Reproduce exactly the lines from the top of the records below through the line holding "Den här elegantens".

Records for this exercise
• • • •
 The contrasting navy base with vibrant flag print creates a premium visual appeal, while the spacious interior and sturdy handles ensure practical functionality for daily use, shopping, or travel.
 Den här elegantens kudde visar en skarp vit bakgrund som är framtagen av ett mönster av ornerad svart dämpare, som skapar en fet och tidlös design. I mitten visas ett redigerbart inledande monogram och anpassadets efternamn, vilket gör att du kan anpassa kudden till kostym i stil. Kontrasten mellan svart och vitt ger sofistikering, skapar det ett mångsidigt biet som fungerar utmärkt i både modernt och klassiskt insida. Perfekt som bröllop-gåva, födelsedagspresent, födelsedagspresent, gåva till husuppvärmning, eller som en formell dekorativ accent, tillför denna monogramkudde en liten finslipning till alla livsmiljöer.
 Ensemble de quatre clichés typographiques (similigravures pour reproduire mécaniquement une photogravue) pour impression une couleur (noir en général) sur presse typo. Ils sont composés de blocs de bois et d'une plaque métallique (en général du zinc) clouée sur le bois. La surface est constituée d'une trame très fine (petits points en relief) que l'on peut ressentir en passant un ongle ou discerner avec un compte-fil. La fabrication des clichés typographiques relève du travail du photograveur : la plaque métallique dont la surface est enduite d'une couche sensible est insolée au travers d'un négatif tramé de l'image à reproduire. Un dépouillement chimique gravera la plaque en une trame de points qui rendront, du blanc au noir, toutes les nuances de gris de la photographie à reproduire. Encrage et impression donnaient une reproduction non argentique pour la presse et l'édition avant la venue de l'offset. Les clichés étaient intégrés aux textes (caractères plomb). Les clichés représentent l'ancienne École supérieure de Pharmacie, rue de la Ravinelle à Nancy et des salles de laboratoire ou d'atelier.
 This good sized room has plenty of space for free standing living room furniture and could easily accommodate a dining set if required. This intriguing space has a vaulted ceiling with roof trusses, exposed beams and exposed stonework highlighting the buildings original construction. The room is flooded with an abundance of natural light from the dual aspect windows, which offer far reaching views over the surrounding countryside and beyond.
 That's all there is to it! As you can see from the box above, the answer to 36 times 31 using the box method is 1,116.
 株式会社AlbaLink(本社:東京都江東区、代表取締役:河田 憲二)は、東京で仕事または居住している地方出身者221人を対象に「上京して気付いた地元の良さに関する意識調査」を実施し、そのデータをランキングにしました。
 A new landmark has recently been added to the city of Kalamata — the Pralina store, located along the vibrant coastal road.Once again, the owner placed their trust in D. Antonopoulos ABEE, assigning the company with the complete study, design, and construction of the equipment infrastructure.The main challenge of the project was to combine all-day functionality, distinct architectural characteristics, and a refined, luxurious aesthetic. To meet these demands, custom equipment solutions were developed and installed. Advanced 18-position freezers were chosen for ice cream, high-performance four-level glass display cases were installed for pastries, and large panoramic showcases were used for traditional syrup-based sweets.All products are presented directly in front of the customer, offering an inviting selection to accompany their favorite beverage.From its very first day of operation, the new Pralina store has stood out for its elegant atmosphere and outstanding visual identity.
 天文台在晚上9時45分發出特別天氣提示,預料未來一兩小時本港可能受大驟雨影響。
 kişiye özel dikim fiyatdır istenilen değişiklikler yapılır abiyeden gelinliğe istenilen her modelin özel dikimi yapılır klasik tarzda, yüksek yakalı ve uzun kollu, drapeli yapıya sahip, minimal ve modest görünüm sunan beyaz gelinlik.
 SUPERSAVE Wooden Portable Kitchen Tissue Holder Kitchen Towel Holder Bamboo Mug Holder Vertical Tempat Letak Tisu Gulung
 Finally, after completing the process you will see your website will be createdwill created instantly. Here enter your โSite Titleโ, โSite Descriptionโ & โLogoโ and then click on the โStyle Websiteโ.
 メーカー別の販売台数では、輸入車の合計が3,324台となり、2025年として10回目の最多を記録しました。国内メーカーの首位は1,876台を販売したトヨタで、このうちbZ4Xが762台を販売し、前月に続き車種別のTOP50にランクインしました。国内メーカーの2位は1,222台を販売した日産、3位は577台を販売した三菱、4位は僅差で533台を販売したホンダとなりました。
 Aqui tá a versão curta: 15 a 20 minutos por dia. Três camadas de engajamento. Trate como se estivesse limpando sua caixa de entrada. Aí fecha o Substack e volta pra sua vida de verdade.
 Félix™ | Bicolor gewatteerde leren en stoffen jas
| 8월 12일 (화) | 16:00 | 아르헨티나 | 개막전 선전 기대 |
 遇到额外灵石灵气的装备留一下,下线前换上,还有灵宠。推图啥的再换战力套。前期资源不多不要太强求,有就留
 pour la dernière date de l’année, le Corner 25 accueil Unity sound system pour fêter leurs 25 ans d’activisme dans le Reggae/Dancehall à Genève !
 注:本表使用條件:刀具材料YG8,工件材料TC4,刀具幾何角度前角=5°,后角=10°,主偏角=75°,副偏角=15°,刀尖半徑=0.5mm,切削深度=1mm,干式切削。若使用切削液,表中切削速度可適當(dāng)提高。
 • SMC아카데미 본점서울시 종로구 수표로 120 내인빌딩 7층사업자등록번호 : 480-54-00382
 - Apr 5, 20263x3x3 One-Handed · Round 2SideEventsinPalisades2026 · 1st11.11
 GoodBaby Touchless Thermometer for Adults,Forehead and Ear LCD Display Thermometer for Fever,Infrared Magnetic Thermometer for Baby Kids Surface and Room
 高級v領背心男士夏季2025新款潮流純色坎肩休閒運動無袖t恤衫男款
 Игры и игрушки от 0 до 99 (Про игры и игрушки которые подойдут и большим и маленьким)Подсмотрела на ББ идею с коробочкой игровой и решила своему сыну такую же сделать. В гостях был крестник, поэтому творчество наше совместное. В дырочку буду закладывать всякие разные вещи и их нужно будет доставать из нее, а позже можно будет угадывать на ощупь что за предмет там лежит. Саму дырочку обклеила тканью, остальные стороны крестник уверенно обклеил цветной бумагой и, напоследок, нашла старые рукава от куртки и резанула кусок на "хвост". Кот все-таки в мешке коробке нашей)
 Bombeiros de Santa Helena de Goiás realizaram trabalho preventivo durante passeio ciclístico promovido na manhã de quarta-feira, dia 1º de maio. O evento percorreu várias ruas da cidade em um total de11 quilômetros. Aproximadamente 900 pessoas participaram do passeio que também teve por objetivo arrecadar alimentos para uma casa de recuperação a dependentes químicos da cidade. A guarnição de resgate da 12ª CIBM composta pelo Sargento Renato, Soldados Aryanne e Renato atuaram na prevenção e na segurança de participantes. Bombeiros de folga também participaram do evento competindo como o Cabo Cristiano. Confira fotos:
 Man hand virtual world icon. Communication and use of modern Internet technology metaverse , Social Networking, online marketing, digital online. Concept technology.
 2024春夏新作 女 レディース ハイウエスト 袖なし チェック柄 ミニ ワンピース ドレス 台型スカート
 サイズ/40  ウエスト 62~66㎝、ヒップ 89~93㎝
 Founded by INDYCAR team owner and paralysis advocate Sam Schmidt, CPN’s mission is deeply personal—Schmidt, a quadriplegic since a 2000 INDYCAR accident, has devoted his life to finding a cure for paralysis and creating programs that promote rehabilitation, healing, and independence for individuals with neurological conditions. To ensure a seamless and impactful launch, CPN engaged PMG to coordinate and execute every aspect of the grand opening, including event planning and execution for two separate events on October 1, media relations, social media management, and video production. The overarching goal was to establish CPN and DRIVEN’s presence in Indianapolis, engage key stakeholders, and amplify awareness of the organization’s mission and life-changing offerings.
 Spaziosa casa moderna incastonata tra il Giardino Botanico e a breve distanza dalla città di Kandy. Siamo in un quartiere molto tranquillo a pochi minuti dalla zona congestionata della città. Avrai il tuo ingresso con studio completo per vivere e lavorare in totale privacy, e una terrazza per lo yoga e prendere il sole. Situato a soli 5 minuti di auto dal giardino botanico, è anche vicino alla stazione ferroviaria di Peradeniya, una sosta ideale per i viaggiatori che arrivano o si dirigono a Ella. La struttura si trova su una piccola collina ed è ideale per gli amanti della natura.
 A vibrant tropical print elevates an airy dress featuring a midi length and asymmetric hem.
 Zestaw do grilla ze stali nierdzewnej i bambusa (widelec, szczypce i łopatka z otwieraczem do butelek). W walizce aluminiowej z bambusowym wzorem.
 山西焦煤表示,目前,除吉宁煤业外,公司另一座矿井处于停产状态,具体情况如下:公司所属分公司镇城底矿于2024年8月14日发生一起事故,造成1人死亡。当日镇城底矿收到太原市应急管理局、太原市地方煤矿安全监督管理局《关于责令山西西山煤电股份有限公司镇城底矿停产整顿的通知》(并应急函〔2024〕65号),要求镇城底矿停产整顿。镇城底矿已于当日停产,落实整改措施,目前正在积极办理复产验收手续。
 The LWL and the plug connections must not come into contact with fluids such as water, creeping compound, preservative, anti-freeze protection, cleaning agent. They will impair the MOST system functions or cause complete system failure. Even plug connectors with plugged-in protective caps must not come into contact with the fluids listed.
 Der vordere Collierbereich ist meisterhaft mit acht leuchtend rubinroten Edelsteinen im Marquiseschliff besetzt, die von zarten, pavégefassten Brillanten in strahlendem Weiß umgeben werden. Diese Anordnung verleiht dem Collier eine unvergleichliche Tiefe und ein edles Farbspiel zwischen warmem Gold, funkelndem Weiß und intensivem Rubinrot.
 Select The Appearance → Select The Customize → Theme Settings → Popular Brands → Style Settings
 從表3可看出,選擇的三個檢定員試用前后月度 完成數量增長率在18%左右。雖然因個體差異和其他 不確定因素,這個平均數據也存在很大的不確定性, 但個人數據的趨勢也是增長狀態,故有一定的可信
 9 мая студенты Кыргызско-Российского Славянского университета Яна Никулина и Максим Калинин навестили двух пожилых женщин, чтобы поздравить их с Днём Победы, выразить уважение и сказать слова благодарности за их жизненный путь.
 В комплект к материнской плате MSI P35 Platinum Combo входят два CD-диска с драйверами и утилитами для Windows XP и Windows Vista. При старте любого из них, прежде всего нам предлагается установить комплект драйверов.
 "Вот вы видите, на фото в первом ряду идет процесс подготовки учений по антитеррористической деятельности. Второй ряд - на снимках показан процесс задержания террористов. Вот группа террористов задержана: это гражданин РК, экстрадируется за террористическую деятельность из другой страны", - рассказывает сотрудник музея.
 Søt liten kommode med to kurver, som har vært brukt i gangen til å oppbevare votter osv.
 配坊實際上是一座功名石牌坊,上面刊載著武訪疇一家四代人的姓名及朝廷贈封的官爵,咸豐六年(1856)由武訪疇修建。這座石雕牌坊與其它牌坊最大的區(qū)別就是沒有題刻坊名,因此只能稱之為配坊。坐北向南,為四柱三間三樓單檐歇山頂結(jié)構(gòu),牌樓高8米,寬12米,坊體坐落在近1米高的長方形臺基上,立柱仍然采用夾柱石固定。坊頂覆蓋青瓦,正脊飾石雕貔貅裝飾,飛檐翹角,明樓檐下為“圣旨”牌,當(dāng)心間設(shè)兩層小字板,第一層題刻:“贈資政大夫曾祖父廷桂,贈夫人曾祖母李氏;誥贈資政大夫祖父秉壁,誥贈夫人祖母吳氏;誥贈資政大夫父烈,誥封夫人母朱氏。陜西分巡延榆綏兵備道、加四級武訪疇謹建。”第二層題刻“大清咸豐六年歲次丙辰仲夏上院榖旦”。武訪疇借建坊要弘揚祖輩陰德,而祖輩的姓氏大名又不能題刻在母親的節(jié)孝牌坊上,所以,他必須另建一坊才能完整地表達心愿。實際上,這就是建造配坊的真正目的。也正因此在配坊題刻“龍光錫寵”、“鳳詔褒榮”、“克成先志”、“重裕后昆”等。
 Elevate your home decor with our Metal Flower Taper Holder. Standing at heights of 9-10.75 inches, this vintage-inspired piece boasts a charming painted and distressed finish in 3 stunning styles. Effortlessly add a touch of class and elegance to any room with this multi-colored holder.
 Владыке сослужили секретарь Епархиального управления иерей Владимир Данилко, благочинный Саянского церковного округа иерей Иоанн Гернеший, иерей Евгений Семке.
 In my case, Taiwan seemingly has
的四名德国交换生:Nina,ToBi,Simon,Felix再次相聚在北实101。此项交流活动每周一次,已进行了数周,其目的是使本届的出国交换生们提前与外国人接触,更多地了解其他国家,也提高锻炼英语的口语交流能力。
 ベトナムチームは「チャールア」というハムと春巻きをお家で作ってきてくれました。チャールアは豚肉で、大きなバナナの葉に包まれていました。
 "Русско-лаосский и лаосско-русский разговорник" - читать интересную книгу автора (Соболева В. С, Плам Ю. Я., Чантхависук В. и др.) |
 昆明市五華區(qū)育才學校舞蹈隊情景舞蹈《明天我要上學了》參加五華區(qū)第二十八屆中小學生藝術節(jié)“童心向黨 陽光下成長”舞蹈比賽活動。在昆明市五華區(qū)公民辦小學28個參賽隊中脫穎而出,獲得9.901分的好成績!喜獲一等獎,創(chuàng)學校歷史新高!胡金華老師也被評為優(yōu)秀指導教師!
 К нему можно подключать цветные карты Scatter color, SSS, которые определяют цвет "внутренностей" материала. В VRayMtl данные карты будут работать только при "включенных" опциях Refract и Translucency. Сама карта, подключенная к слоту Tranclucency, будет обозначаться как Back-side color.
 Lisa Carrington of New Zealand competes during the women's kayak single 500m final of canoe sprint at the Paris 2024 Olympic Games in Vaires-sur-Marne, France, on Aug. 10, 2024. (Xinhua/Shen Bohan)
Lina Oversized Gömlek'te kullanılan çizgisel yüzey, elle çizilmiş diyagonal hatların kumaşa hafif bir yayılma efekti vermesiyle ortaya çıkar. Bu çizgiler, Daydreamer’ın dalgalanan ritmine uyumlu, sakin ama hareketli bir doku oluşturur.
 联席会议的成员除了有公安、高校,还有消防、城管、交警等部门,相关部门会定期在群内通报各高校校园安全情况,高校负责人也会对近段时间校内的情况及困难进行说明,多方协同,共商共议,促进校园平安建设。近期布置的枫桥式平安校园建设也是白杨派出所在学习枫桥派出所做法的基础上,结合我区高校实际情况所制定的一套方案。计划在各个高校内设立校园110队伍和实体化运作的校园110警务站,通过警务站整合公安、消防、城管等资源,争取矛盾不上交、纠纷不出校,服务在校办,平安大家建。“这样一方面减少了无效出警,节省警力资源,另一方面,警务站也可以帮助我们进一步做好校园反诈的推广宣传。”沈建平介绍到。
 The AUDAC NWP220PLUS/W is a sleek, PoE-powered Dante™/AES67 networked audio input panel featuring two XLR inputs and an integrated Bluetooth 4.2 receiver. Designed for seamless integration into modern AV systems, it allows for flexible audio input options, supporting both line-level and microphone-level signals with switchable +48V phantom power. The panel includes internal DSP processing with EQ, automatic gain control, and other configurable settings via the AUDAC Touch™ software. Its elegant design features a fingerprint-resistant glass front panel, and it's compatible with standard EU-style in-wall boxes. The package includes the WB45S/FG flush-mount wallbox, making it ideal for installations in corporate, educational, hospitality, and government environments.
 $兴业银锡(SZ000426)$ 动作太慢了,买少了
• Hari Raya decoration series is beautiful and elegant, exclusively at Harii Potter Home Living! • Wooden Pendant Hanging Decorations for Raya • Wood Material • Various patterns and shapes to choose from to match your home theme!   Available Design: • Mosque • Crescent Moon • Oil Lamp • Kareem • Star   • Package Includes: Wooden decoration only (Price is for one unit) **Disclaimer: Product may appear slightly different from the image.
• • • •
Answer space
 The contrasting navy base with vibrant flag print creates a premium visual appeal, while the spacious interior and sturdy handles ensure practical functionality for daily use, shopping, or travel.
 Den här elegantens kudde visar en skarp vit bakgrund som är framtagen av ett mönster av ornerad svart dämpare, som skapar en fet och tidlös design. I mitten visas ett redigerbart inledande monogram och anpassadets efternamn, vilket gör att du kan anpassa kudden till kostym i stil. Kontrasten mellan svart och vitt ger sofistikering, skapar det ett mångsidigt biet som fungerar utmärkt i både modernt och klassiskt insida. Perfekt som bröllop-gåva, födelsedagspresent, födelsedagspresent, gåva till husuppvärmning, eller som en formell dekorativ accent, tillför denna monogramkudde en liten finslipning till alla livsmiljöer.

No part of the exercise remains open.